It might help to look at the mechanics of this surprisingly-blatant ledgerdemain; whereby the design of our state retirement program is more reminiscent of the suitcase full of scrap-paper IOUs from the movie Dumb And Dumber than something becoming of the world's most wealthy and powerful nation.

Firstly, since the government is structurally in deficit, it can't "save" money at all, for anything -- no matter how tortured the book-keeping. That means when the SSA takes in revenue and uses it to buy some US Treasury securities, the government is immediately spending this money (the purchase of official as opposed to private securities is essentially an admission that the government is broke and just needs more revenues). It then has to raise more revenue in the future to pay interest on those securities (about $200 billion/yr now goes just to pay interest on entitlement obligations, in fact). The situation is worse if the securities are "called in" (redeemed early by the buyer) -- then the government has to somehow return all the remaining principle (which it already spent) immediately, which translates to yet another revenue-raising pressure. Far fetched? Not at all: this additional factor looks set to kick in around 2018.

The upshot is that if there is a solvency problem with social security, it starts in 2012: this is the date when taxes will have to be raised, inflation increased, spending cut, or social security benefits cut -- just to stay afloat.

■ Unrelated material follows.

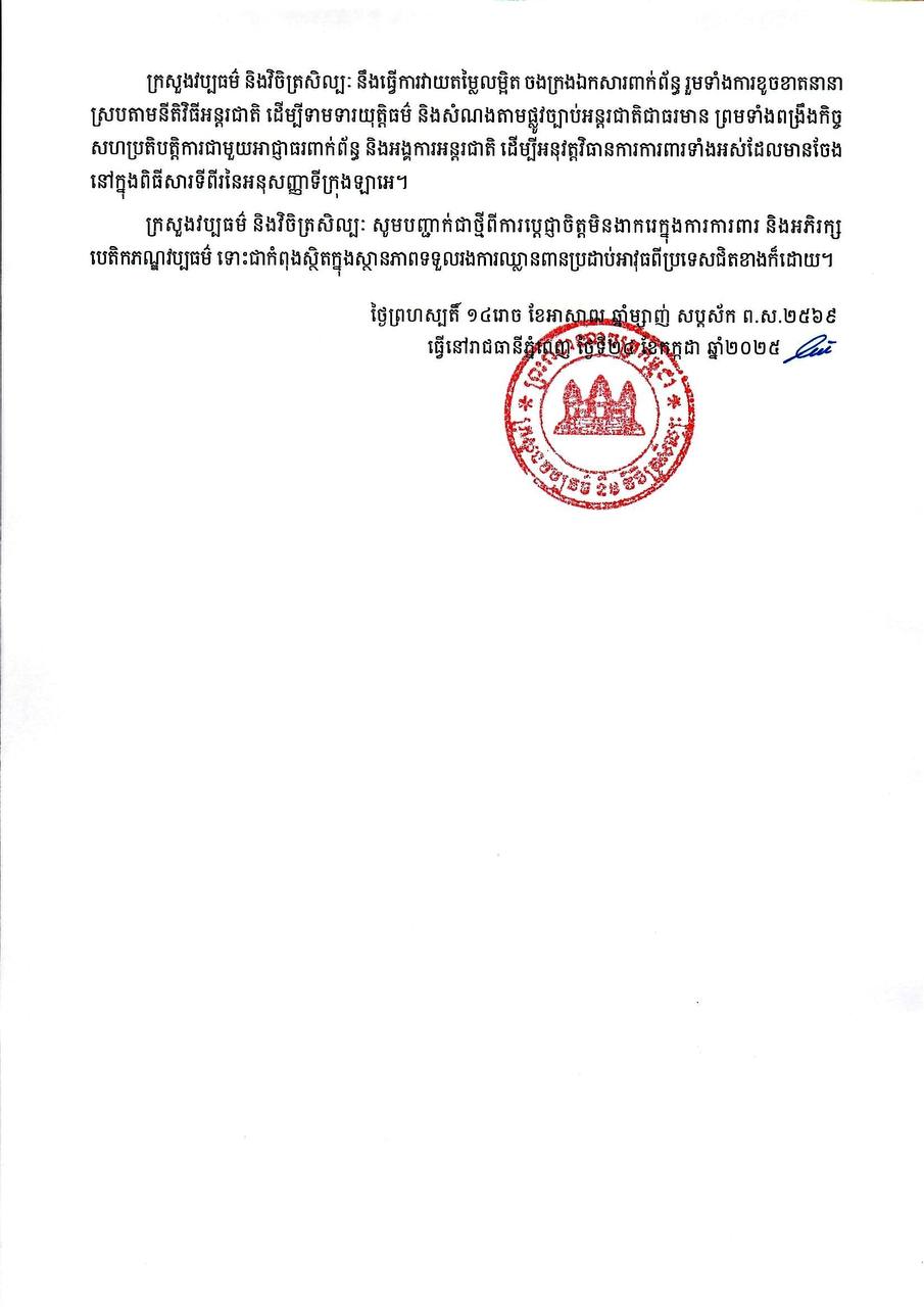 ក្រសួងវប្បធម៌ និងវិចិត្រសិល្បៈ បានបញ្ជាក់ជាថ្មីពីការប្តេជ្ញាចិត្តមិនងាករេក្នុងការការពារ និងអភិរក្ស បេតិកភណ្ឌវប្បធម៌ ទោះជាកំពុងស្ថិតក្នុងស្ថានភាពទទួលរងការឈ្លានពានប្រដាប់អាវុធពីប្រទេសជិតខាងក៏ដោយ៕

Then it gets worse in 2018 when the "trust fund" starts shrinking (i.e. is net drawn-down).

In fact it is probably more honest and illuminating to simply imagine that there is no trust fund when analyzing social security's solvency -- because there is by definition no "value" in the trust fund we have.

There is of course a weaselly way out of this dilemma for the government: they can just accelerate inflation while under-reporting it, so that entitlement disbursements gradually diverge downwards from the real expenses of beneficiaries. Currently they've already been doing this to the tune of at least 42%. I'm sure they'll be banking on more of this effect to help make ends meet. The problem is that the scam will become more and more obvious the larger it is, and at some point it will create a humanitarian disaster in the quantity of people it leaves destitute.

So, we need to do something, now. Otherwise things will start to really get ugly in 2012 -- or possibly sooner if other economic factors deteriorate (and I'd wager they will).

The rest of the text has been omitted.